Here's an example usage of defer
:
(defun main (&return int) (var file (* FILE) (fopen "File.txt", "rb")) (unless file (return 1)) (defer (fclose file)) ;; Do file operations... (return 0))
By putting defer
there, I am guaranteed to have the file closed if the
function ever returns. This removes the need to copy-paste
(fclose file)
before every return
, which can be very cumbersome. It
also makes the program more reliable, because I might forget to paste
the fclose
.
This feature can be found in many other new languages, including Zig and Go. It is a simple way to have some automatic actions without needing to add C++-style constructors and destructors, which can be quite complicated.
In Cakelisp, macros and compile-time code modification make it tricky to know when the code is the final state that will be compiled.
For defer
, I needed to know two things:
- The commands that should be deferred, which can be specified in many separate blocks
- Everywhere a scope exit occurs, so that the commands can be executed before exit
Scopes are sequences of code that will always be executed together. An
if
clause can have a scope executed if the condition is true, or
(optionally) one that should be executed when the condition is false.
Loop constructs like C's for
and while
enter and exit the loop body
scope on each iteration.
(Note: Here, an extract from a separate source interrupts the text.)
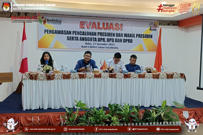 Sawahlunto, kota-sawahlunto.kpu.go.id - KPU Kota Sawahlunto menghadiri Undangan Bawaslu Kota Sawahlunto perihal Evaluasi Pengawasan Pencalonan Presiden dan Wakil Presiden serta DPR, DPD dan DPRD di Hotel Cahaya, Talawi, Rabu (15/11).

Finally, functions themselves constitute a
function-body scope.
How Cakelisp code generation works
In Cakelisp, code generation happens through either a macro or a
generator. Macros output tokens. There are only four kinds of tokens:
strings, like "Hello, world!"
; symbols, like defun
; open
parenthesis; and close parenthesis. Cakelisp macros can run arbitrary
code, including custom validation, creating and setting compile-time
variables, etc. I have written about macros many times
here.
This extremely restricted world makes it simple to write the "evaluator": When the evaluator encounters an open parenthesis token, it expects the next token to be a symbol. If it isn't, it's a syntax error, otherwise, look up the symbol in the evaluator's known list of macros and generators, by name. If one is found, evaluate it immediately. If it isn't found, create a "reference" which we will hope to eventually resolve.
Generators output C or C++ code in the form of "string operations". These operations have various different flags such as "double quote" or "newline after", which are processed by the writer. The writer simply goes operation by operation, following its flags and outputting text into a file as requested.
How defer
was implemented
defer
consisted of three major parts.
First, the defer
statement itself was implemented as a generator. The
generator outputs the body of the defer into a splice.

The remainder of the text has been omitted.